What to do:
Please give the lines below again exactly as they stand, from the one that contains "- 分岐機能では、ファイル名" up to and including the one that contains "SIENA GARDEN Sincro/Solea", leaving all pictures out.

Material supplied:
····················

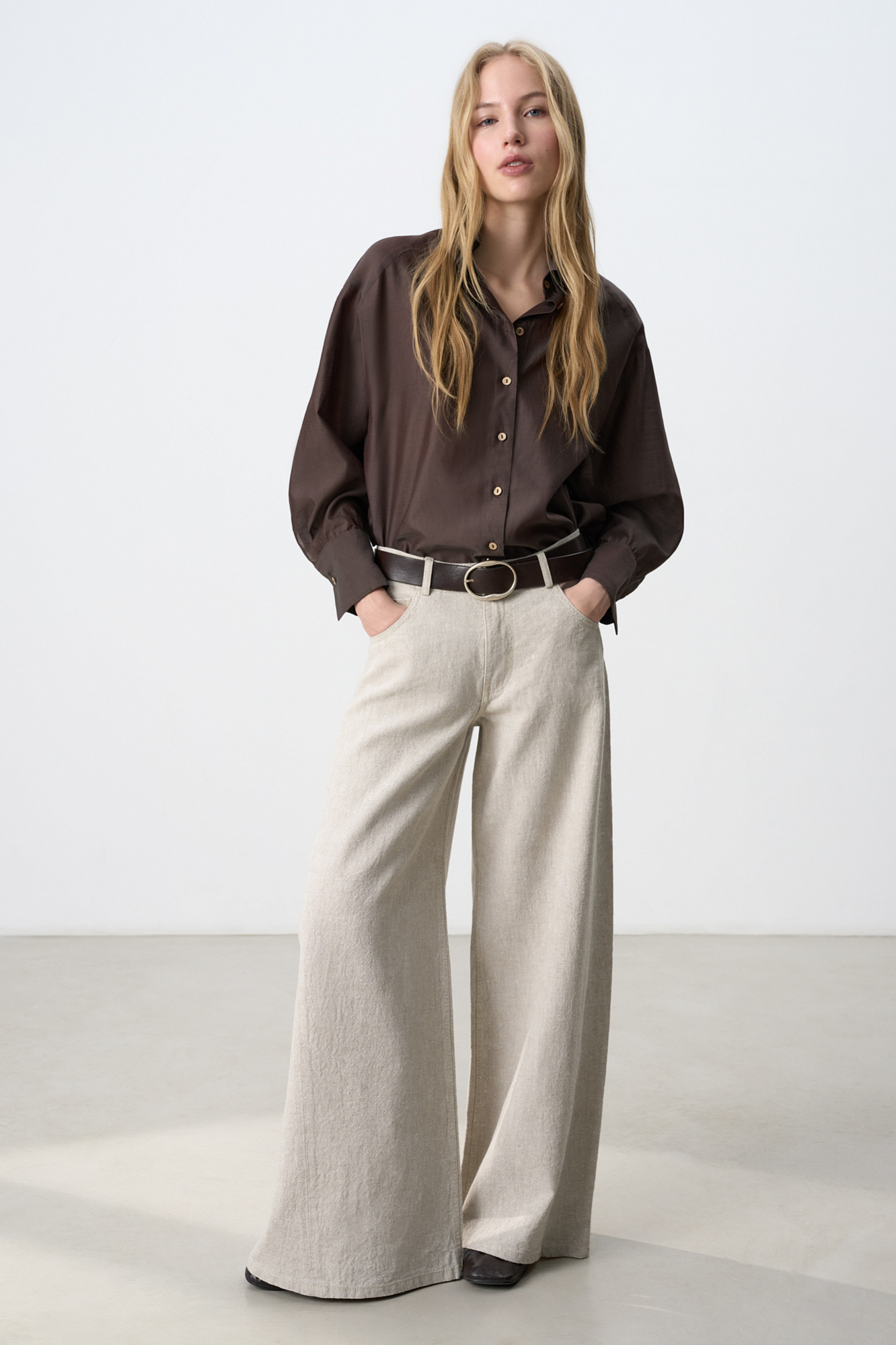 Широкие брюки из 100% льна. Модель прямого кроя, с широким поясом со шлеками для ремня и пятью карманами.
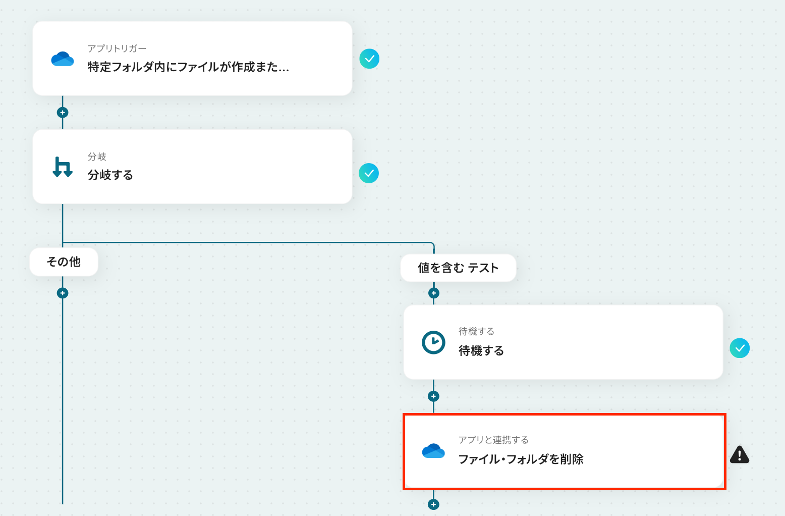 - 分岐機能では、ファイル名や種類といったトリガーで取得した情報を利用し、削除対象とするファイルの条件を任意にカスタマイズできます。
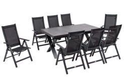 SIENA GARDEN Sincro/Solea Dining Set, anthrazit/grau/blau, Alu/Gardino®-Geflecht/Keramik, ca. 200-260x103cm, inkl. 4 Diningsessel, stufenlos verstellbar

····················

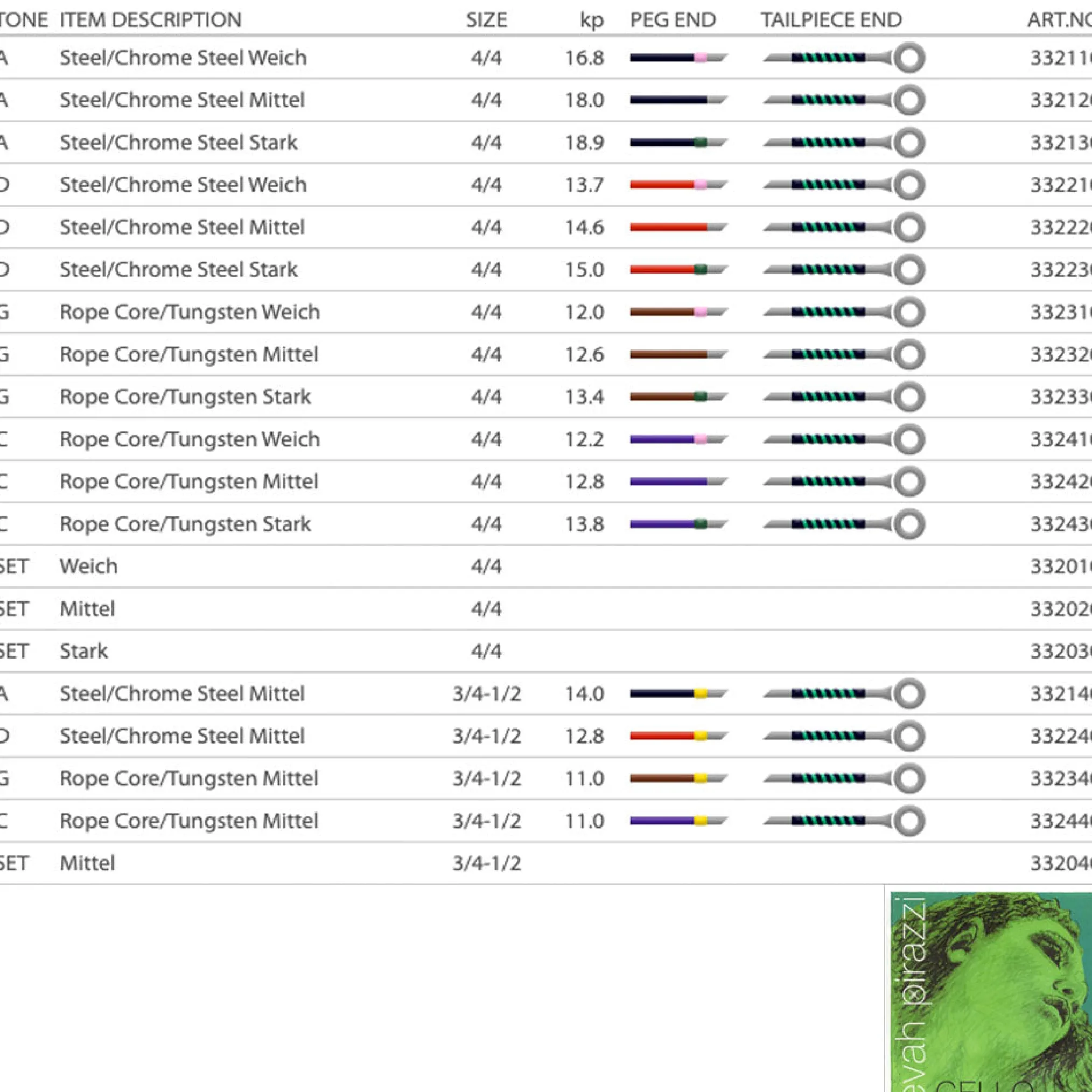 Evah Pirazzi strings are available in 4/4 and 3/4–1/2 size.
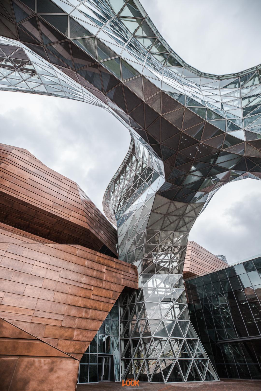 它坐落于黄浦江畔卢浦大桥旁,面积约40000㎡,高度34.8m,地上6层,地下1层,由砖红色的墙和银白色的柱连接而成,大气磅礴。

····················

Solved exercise:
 - 分岐機能では、ファイル名や種類といったトリガーで取得した情報を利用し、削除対象とするファイルの条件を任意にカスタマイズできます。
 SIENA GARDEN Sincro/Solea Dining Set, anthrazit/grau/blau, Alu/Gardino®-Geflecht/Keramik, ca. 200-260x103cm, inkl. 4 Diningsessel, stufenlos verstellbar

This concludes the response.